Top of Raw data

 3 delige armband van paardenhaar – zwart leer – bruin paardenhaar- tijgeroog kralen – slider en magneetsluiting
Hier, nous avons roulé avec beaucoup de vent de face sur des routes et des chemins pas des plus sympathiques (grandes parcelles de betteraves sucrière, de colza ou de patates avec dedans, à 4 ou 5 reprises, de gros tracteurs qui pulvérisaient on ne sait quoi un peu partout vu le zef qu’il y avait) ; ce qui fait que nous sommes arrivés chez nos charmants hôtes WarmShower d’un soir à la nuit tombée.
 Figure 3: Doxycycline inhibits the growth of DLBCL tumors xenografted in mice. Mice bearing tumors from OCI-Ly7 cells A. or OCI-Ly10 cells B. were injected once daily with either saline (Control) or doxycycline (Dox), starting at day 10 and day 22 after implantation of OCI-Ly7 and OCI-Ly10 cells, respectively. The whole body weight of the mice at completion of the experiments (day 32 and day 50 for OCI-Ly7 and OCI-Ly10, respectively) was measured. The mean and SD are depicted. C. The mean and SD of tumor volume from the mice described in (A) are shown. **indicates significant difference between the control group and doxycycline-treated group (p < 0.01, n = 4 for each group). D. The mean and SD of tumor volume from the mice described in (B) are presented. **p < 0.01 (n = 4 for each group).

Bottom of Raw data
Top of Raw data

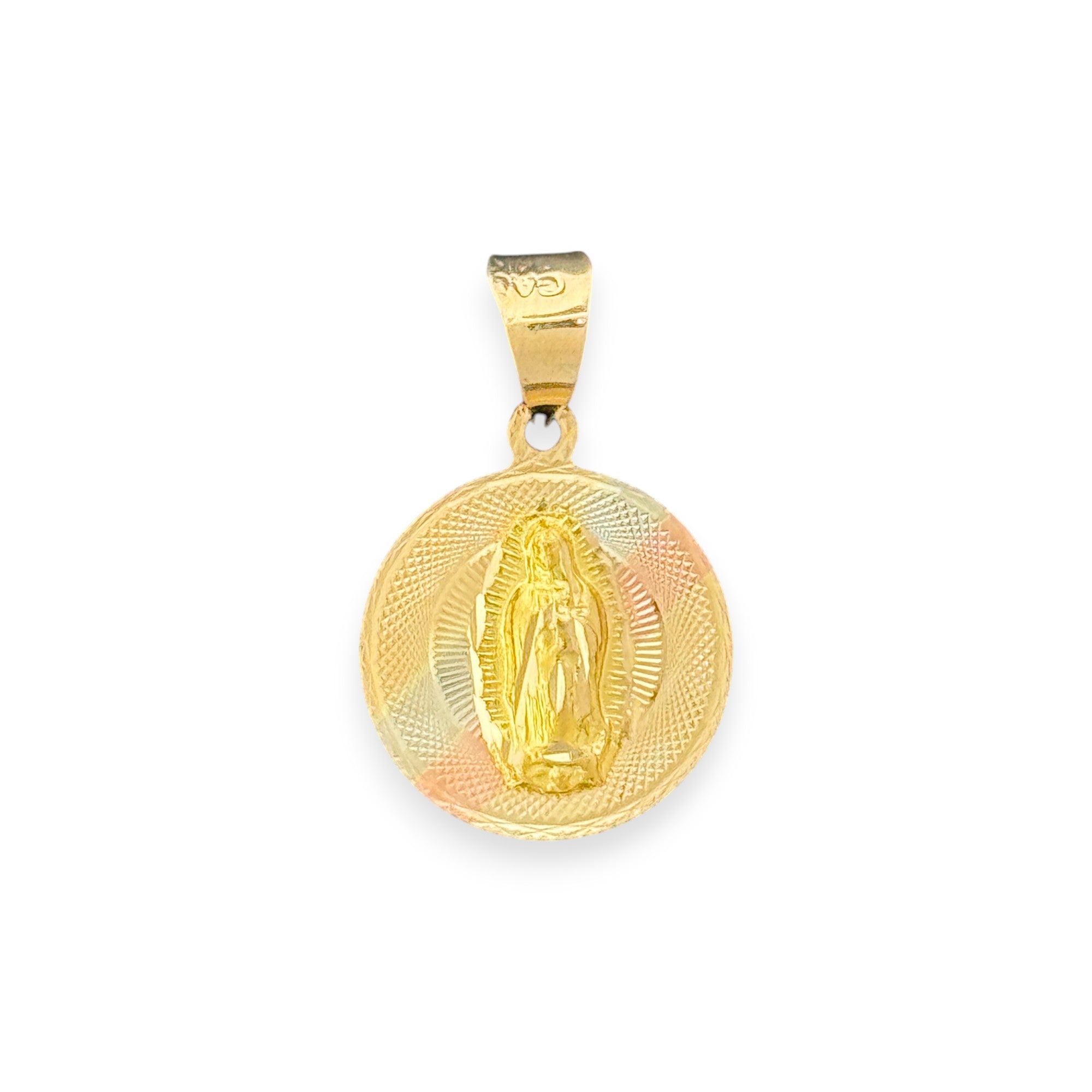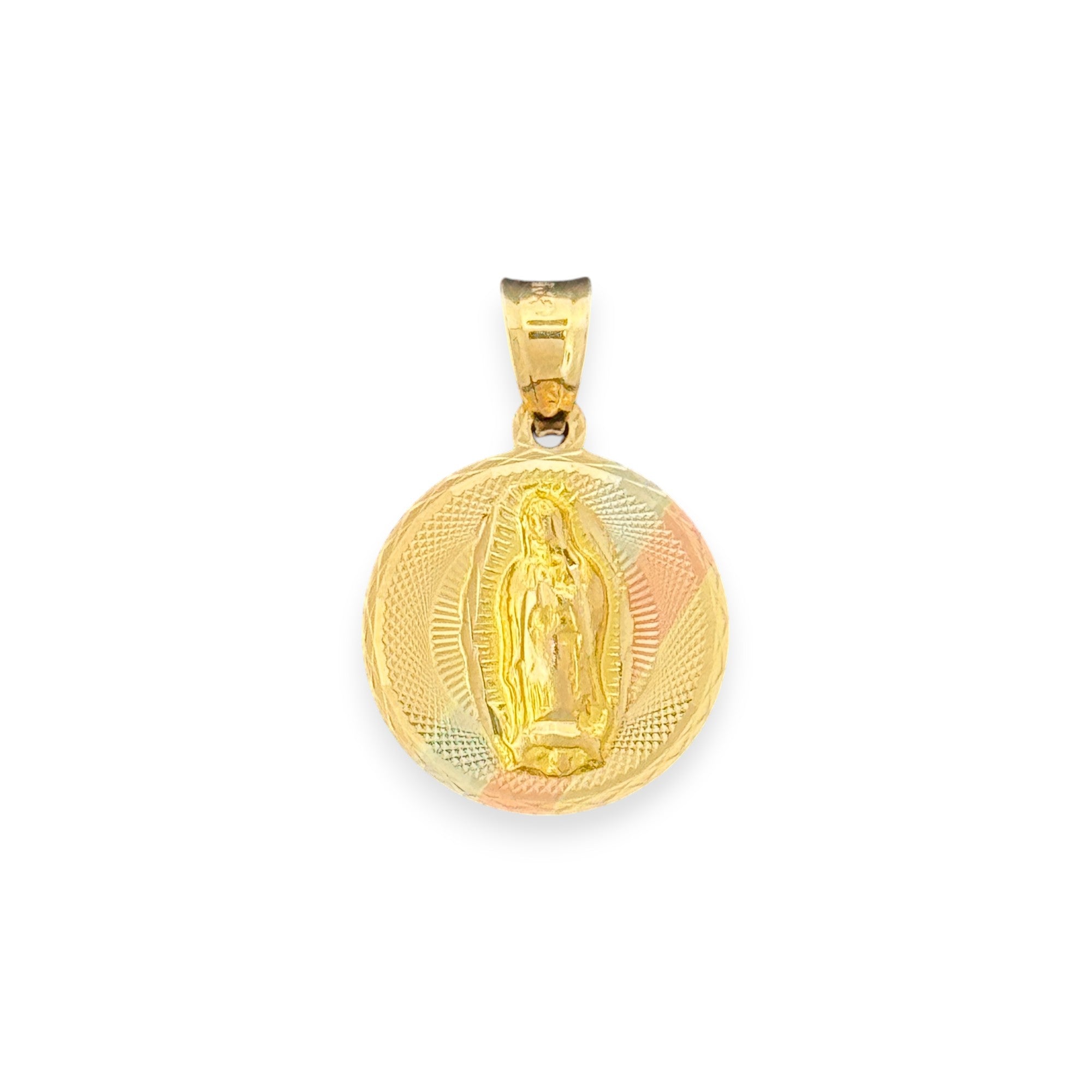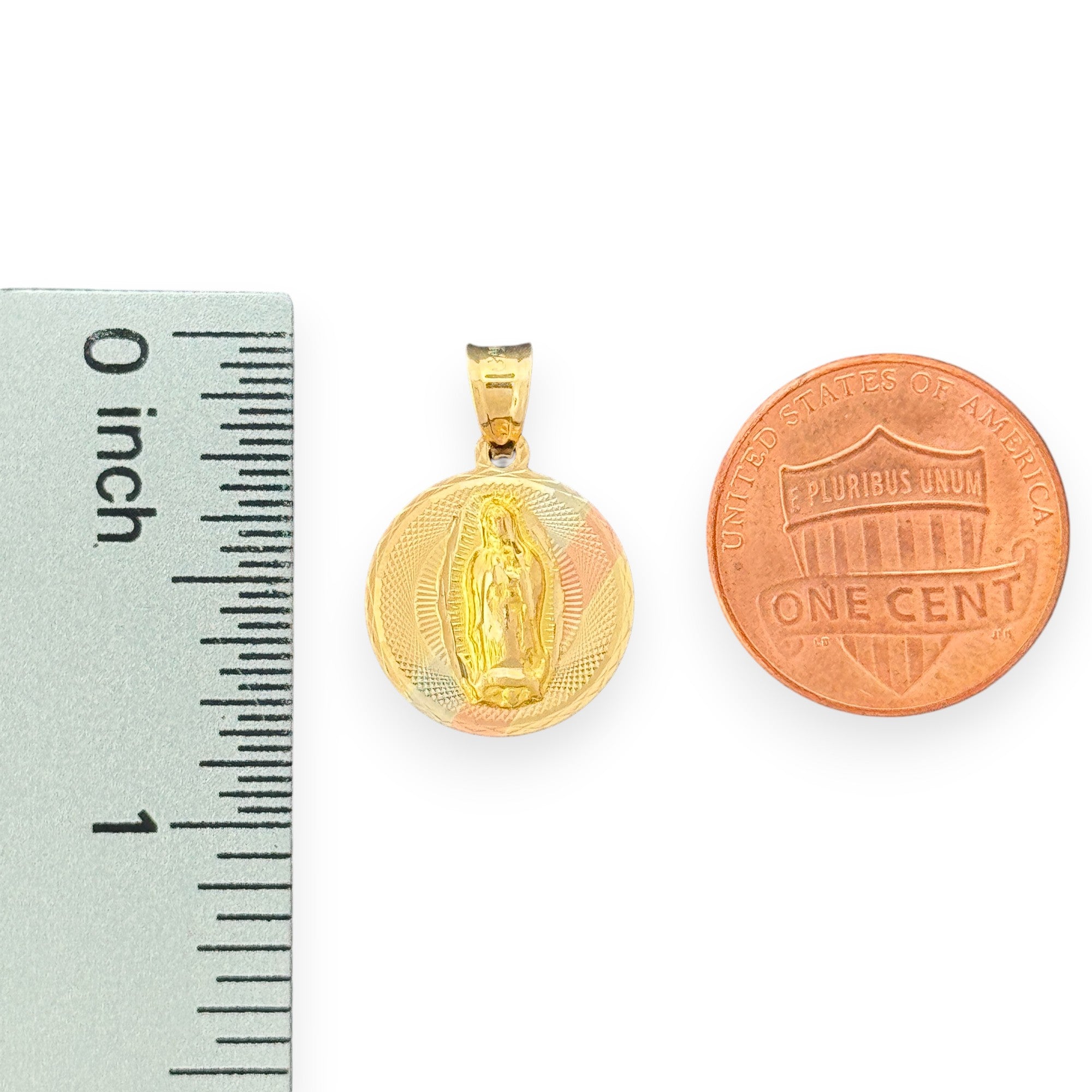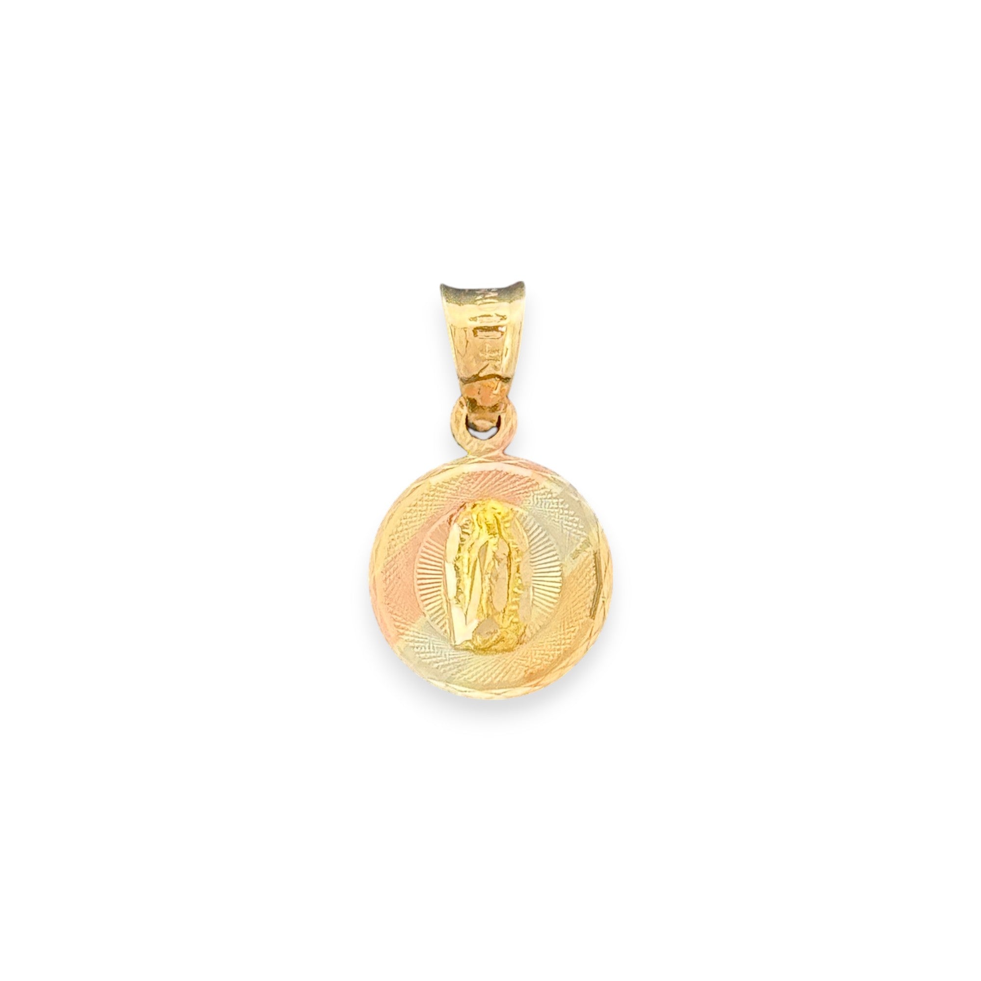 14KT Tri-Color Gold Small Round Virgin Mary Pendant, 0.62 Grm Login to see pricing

Bottom of Raw data
Top of Raw data

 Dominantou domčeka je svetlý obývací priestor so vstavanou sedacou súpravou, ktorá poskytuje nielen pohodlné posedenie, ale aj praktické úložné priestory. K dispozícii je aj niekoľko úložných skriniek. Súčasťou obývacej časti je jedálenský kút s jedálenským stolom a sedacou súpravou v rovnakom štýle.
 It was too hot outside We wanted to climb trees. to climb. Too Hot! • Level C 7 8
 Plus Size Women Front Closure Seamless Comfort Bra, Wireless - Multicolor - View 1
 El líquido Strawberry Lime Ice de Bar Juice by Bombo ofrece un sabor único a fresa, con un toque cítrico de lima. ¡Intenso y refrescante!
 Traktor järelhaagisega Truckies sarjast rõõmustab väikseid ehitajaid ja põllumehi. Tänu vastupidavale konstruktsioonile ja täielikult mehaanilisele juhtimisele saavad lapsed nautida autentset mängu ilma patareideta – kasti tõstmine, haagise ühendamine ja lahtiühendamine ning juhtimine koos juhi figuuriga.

Bottom of Raw data

Find the line with "Dominantou domčeka je" in the entries above. Retype it and each line after it, exactly, through the line with "Traktor järelhaagisega Truckies", and stop there.

 Dominantou domčeka je svetlý obývací priestor so vstavanou sedacou súpravou, ktorá poskytuje nielen pohodlné posedenie, ale aj praktické úložné priestory. K dispozícii je aj niekoľko úložných skriniek. Súčasťou obývacej časti je jedálenský kút s jedálenským stolom a sedacou súpravou v rovnakom štýle.
 It was too hot outside We wanted to climb trees. to climb. Too Hot! • Level C 7 8
 Plus Size Women Front Closure Seamless Comfort Bra, Wireless - Multicolor - View 1
 El líquido Strawberry Lime Ice de Bar Juice by Bombo ofrece un sabor único a fresa, con un toque cítrico de lima. ¡Intenso y refrescante!
 Traktor järelhaagisega Truckies sarjast rõõmustab väikseid ehitajaid ja põllumehi. Tänu vastupidavale konstruktsioonile ja täielikult mehaanilisele juhtimisele saavad lapsed nautida autentset mängu ilma patareideta – kasti tõstmine, haagise ühendamine ja lahtiühendamine ning juhtimine koos juhi figuuriga.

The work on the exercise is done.